Problem description
Print the records below exactly, with no pictures.

Data
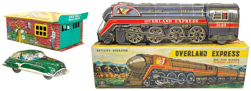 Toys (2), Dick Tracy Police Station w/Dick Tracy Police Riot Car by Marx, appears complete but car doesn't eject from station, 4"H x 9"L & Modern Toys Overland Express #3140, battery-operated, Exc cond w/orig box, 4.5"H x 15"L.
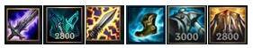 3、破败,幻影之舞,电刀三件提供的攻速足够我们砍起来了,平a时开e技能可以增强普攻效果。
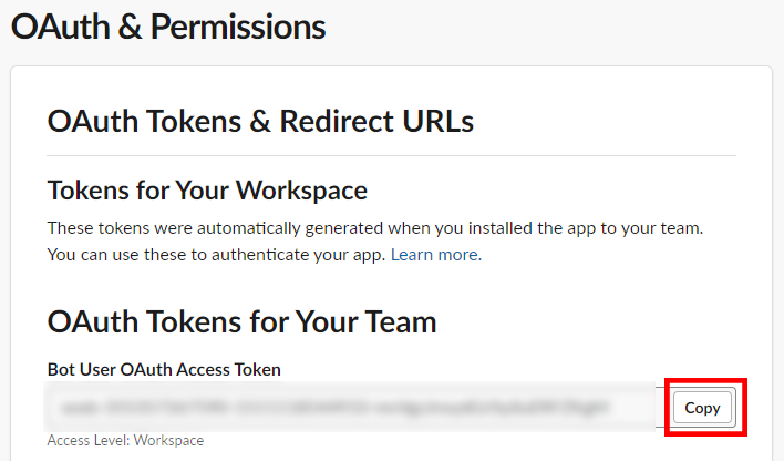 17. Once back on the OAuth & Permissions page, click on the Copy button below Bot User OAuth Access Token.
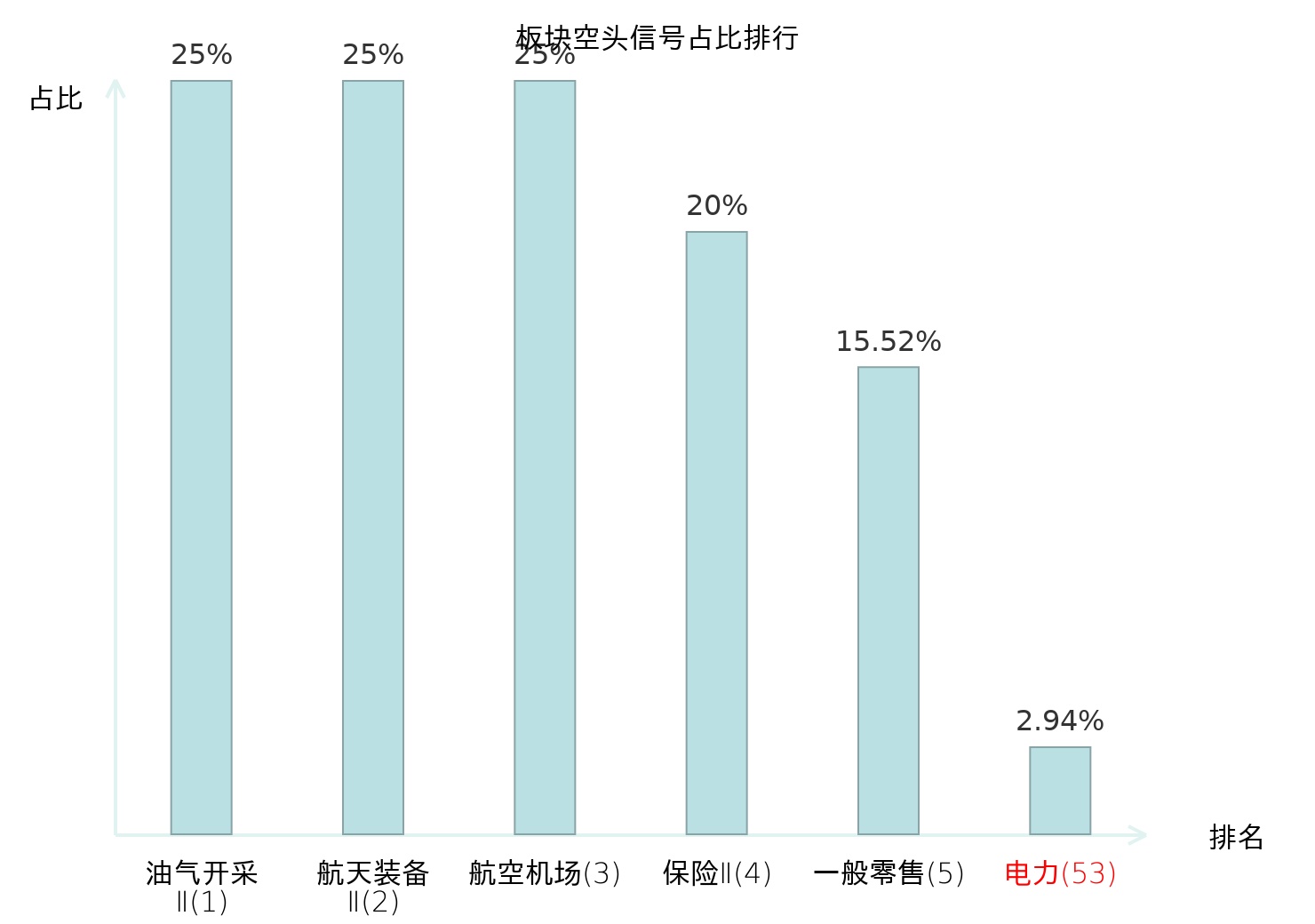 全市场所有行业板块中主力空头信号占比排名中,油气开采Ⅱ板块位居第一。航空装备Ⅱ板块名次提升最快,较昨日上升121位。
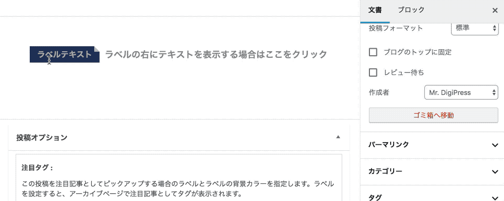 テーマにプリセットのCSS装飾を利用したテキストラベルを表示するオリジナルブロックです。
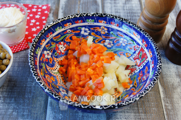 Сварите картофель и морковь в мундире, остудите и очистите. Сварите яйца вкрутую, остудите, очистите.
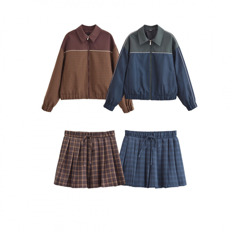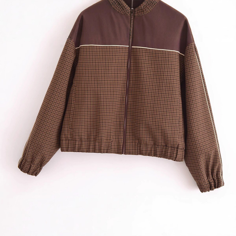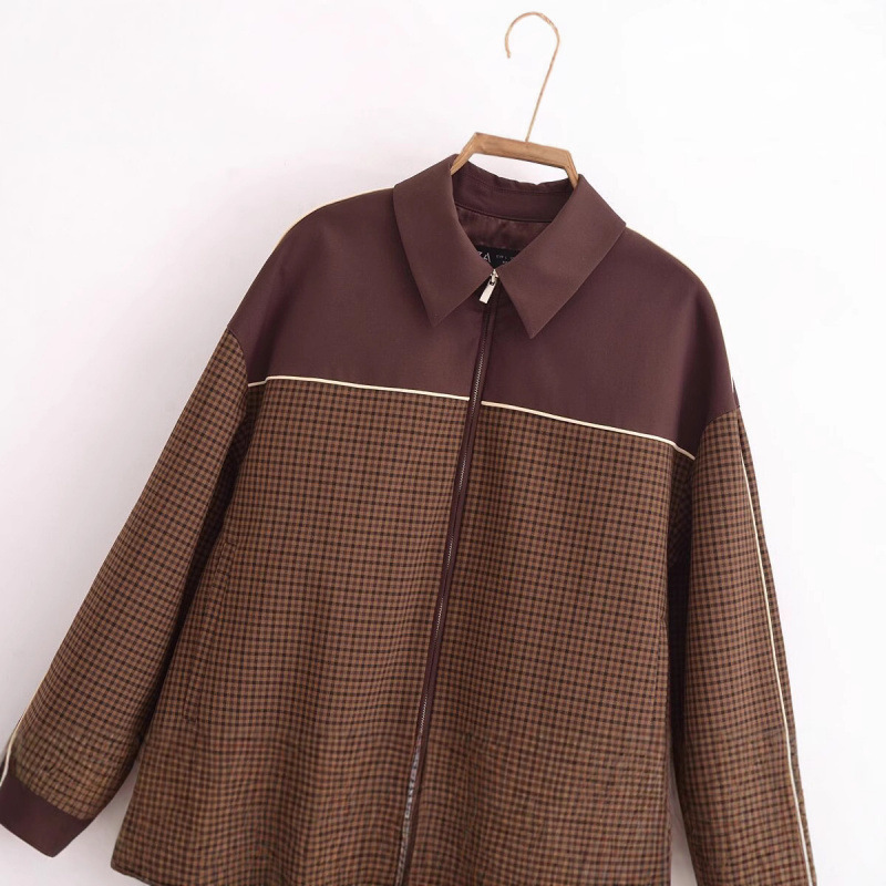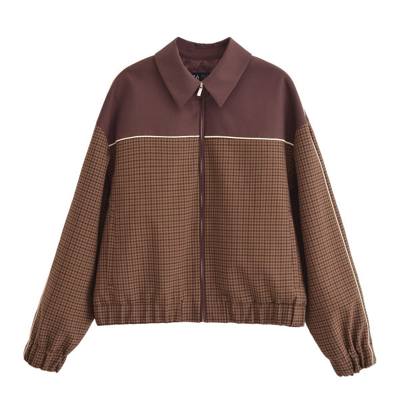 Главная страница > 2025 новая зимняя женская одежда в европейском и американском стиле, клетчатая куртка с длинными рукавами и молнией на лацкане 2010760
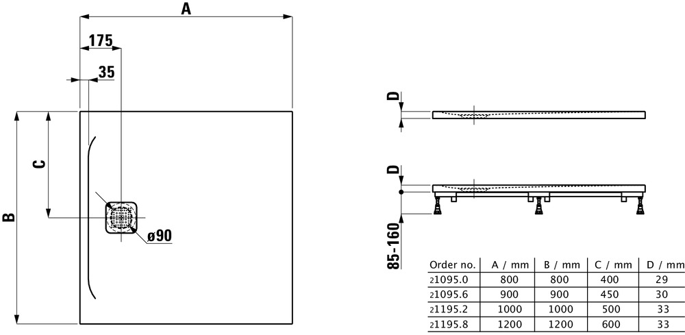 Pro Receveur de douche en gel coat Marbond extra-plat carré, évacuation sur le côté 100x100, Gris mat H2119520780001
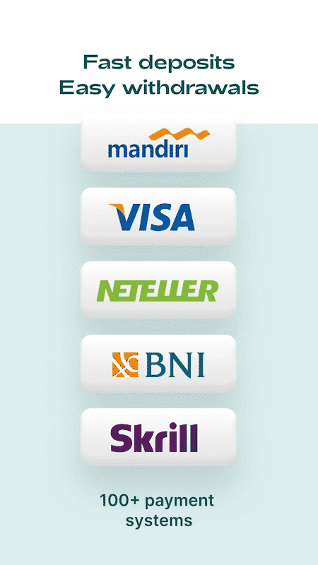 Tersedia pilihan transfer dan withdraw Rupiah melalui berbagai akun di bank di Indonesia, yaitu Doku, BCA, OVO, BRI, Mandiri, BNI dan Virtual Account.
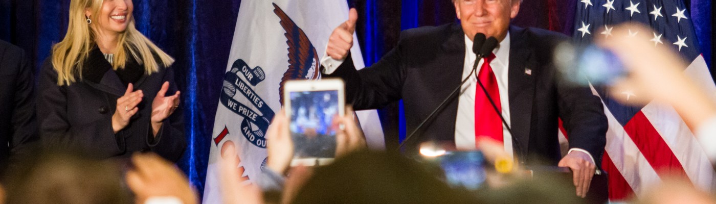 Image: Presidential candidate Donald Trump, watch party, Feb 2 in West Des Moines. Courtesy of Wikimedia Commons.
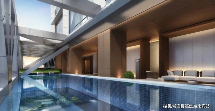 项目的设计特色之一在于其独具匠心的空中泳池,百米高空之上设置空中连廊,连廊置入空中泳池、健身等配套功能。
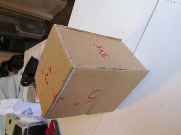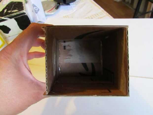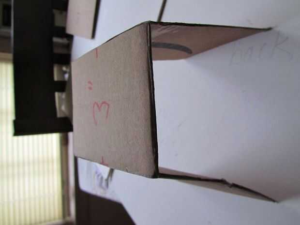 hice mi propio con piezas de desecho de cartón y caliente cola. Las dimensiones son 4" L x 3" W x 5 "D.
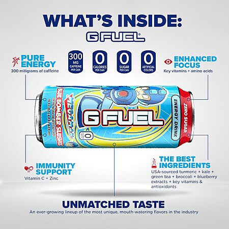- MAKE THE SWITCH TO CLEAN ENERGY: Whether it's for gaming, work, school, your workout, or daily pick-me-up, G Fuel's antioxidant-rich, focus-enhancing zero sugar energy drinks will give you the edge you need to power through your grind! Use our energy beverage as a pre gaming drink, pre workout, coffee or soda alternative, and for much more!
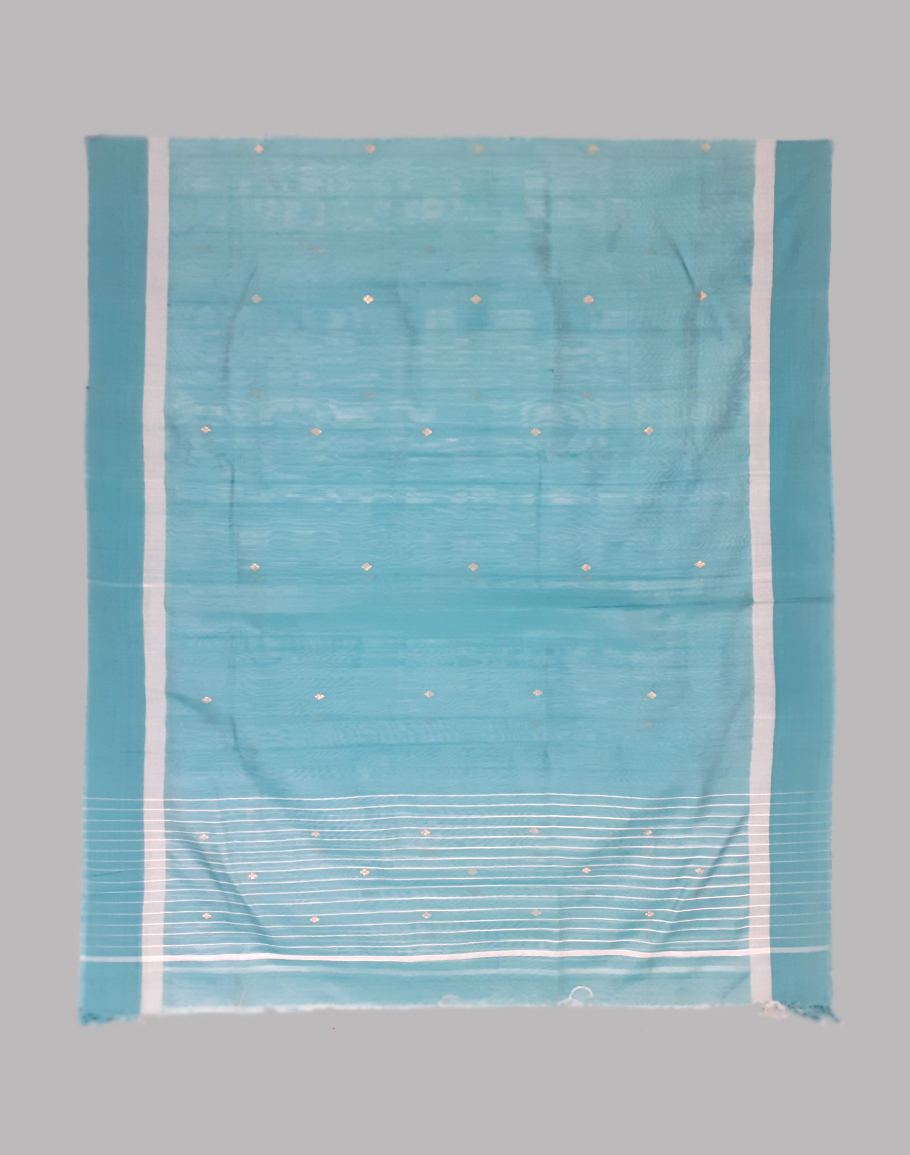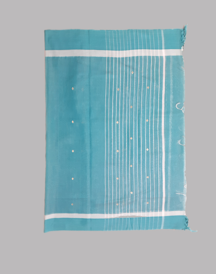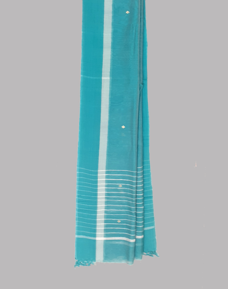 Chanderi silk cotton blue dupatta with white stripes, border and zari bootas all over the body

Answer box
 Toys (2), Dick Tracy Police Station w/Dick Tracy Police Riot Car by Marx, appears complete but car doesn't eject from station, 4"H x 9"L & Modern Toys Overland Express #3140, battery-operated, Exc cond w/orig box, 4.5"H x 15"L.
 3、破败,幻影之舞,电刀三件提供的攻速足够我们砍起来了,平a时开e技能可以增强普攻效果。
 17. Once back on the OAuth & Permissions page, click on the Copy button below Bot User OAuth Access Token.
 全市场所有行业板块中主力空头信号占比排名中,油气开采Ⅱ板块位居第一。航空装备Ⅱ板块名次提升最快,较昨日上升121位。
 テーマにプリセットのCSS装飾を利用したテキストラベルを表示するオリジナルブロックです。
 Сварите картофель и морковь в мундире, остудите и очистите. Сварите яйца вкрутую, остудите, очистите.
 Главная страница > 2025 новая зимняя женская одежда в европейском и американском стиле, клетчатая куртка с длинными рукавами и молнией на лацкане 2010760
 Pro Receveur de douche en gel coat Marbond extra-plat carré, évacuation sur le côté 100x100, Gris mat H2119520780001
 Tersedia pilihan transfer dan withdraw Rupiah melalui berbagai akun di bank di Indonesia, yaitu Doku, BCA, OVO, BRI, Mandiri, BNI dan Virtual Account.
 Image: Presidential candidate Donald Trump, watch party, Feb 2 in West Des Moines. Courtesy of Wikimedia Commons.
 项目的设计特色之一在于其独具匠心的空中泳池,百米高空之上设置空中连廊,连廊置入空中泳池、健身等配套功能。
 hice mi propio con piezas de desecho de cartón y caliente cola. Las dimensiones son 4" L x 3" W x 5 "D.
- MAKE THE SWITCH TO CLEAN ENERGY: Whether it's for gaming, work, school, your workout, or daily pick-me-up, G Fuel's antioxidant-rich, focus-enhancing zero sugar energy drinks will give you the edge you need to power through your grind! Use our energy beverage as a pre gaming drink, pre workout, coffee or soda alternative, and for much more!
 Chanderi silk cotton blue dupatta with white stripes, border and zari bootas all over the body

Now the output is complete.